■ Instructions for the task: Pull every line that holds the word "Black" from the entries.

■ Dataset records:
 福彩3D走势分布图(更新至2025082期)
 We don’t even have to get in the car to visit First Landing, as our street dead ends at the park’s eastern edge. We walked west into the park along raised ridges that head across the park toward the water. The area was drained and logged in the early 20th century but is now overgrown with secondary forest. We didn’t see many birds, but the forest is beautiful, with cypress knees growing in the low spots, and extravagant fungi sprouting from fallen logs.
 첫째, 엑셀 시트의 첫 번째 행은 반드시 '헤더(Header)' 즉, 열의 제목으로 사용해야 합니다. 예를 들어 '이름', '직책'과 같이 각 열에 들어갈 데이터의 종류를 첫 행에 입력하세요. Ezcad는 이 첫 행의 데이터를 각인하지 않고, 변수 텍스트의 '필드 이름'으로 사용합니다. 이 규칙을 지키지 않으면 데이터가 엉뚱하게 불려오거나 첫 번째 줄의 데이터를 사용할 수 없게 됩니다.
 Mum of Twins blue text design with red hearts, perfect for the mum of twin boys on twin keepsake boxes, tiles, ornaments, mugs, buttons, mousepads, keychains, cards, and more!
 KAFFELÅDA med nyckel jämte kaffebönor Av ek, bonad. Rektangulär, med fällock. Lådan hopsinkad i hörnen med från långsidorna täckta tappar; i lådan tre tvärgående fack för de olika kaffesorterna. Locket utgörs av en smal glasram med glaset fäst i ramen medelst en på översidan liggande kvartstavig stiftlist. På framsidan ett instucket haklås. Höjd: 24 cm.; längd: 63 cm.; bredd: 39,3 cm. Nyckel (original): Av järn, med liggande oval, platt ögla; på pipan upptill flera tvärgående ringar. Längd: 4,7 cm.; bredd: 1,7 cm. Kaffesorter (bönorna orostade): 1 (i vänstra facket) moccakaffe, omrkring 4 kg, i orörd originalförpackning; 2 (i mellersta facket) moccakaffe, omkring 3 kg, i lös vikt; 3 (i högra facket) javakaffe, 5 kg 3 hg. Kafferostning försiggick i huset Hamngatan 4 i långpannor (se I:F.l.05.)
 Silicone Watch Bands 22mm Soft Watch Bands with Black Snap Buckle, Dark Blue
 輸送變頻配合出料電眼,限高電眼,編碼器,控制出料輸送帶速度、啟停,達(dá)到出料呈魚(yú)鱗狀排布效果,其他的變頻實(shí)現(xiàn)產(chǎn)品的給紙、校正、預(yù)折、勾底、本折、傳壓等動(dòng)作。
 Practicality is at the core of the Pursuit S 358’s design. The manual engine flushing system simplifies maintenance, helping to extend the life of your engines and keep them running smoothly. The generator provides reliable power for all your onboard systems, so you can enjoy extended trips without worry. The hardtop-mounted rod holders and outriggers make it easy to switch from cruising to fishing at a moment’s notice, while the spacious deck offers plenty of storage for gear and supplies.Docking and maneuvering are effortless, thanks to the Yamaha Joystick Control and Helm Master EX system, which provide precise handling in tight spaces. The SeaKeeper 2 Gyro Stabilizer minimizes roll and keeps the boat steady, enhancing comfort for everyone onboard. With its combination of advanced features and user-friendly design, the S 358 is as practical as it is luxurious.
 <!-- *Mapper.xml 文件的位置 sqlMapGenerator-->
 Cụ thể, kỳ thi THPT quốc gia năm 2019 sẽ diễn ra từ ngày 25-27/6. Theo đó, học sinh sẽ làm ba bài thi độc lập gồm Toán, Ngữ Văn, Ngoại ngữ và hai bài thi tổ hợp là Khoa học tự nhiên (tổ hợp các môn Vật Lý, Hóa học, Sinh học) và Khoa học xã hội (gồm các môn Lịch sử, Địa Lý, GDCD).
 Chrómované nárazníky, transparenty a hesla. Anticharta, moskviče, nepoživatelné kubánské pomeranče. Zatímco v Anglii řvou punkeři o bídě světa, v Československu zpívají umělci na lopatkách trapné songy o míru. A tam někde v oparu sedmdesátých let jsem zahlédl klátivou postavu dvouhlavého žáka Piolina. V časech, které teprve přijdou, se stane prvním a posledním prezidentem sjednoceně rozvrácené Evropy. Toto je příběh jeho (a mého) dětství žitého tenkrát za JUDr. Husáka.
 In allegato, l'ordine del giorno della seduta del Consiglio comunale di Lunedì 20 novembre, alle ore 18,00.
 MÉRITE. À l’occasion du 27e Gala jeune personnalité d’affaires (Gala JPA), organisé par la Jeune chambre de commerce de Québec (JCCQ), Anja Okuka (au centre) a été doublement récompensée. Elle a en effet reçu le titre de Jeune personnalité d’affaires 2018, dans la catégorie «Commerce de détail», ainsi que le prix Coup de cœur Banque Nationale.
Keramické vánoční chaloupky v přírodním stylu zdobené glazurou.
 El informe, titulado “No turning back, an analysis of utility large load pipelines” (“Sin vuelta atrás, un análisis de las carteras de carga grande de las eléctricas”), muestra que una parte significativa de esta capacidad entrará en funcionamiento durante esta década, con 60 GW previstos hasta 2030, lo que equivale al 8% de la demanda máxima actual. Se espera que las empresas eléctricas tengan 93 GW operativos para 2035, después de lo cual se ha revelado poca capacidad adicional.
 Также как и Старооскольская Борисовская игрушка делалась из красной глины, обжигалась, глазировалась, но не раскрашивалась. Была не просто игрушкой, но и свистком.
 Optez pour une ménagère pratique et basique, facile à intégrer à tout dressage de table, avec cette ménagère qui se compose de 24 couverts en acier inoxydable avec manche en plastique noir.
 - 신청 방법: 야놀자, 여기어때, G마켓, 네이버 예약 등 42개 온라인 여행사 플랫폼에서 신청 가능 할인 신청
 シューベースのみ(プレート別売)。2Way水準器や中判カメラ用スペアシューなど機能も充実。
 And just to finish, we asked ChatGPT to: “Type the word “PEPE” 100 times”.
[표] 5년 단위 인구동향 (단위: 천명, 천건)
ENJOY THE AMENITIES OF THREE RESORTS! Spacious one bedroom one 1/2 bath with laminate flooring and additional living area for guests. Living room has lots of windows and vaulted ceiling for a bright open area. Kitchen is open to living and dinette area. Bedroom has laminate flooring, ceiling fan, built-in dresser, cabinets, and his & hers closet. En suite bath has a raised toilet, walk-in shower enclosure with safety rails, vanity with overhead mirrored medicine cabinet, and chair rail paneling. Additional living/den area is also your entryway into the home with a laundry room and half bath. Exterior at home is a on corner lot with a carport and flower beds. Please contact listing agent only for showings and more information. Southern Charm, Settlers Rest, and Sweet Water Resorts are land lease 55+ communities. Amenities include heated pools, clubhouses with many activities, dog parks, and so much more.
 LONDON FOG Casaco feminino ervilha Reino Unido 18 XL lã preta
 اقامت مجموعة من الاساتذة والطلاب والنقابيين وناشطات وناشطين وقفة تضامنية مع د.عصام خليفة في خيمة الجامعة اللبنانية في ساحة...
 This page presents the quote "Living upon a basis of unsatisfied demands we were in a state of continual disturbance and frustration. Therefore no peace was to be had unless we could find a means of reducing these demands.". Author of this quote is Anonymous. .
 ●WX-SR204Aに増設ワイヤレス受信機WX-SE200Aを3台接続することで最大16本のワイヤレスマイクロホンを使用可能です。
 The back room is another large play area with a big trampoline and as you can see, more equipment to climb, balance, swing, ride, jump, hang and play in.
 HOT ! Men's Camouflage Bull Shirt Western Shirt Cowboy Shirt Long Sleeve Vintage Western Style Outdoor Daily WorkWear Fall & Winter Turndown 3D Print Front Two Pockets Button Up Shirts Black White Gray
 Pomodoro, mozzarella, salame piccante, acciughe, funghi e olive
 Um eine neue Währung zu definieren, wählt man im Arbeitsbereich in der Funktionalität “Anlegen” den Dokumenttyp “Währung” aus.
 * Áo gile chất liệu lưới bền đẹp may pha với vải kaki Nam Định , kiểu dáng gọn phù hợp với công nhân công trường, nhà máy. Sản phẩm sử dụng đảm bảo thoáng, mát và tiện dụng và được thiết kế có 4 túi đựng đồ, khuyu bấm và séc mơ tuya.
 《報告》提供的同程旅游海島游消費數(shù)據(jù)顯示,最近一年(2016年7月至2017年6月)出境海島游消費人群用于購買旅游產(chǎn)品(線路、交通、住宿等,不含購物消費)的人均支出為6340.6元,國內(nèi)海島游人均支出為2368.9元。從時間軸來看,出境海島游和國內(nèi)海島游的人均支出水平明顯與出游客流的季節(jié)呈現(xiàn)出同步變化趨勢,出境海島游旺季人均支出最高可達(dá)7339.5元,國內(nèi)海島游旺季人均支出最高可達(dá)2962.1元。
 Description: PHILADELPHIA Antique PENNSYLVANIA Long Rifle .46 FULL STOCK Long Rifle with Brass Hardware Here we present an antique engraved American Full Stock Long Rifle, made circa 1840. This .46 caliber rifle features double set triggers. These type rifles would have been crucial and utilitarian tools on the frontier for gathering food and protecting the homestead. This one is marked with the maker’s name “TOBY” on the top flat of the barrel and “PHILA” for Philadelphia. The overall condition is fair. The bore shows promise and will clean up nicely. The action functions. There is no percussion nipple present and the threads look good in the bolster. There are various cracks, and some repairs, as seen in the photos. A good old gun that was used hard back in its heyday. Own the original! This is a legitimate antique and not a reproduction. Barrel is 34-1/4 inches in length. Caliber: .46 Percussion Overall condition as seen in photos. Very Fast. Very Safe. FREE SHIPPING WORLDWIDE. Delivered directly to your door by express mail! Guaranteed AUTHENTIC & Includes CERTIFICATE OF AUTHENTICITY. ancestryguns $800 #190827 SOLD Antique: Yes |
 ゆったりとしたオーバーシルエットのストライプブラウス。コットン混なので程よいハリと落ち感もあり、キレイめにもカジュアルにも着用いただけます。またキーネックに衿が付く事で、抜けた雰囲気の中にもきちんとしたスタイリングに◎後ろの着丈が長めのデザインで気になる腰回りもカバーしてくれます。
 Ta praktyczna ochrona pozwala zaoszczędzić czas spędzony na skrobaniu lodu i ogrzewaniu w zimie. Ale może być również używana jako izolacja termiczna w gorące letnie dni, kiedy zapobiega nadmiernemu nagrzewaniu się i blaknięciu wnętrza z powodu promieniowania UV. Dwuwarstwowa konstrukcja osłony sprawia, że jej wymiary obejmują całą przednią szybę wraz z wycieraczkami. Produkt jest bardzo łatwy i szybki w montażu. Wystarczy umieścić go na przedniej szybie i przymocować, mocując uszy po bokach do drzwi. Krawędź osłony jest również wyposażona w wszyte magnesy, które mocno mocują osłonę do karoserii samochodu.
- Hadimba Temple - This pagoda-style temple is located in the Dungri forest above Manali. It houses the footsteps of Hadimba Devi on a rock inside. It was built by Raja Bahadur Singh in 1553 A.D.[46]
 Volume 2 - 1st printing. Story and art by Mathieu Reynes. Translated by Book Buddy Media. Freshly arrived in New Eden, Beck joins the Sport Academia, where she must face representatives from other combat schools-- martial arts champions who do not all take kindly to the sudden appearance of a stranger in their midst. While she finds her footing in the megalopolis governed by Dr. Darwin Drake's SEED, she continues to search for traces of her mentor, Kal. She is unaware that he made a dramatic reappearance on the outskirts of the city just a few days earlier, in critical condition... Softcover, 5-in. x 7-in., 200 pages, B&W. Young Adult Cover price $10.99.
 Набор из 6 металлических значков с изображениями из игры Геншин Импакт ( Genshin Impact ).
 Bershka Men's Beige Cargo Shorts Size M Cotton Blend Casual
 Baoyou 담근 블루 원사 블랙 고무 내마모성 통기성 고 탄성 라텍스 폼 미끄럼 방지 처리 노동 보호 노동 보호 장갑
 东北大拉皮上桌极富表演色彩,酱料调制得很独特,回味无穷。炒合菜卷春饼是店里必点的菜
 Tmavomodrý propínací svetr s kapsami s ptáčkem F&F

■ Answer box:
 Silicone Watch Bands 22mm Soft Watch Bands with Black Snap Buckle, Dark Blue
 HOT ! Men's Camouflage Bull Shirt Western Shirt Cowboy Shirt Long Sleeve Vintage Western Style Outdoor Daily WorkWear Fall & Winter Turndown 3D Print Front Two Pockets Button Up Shirts Black White Gray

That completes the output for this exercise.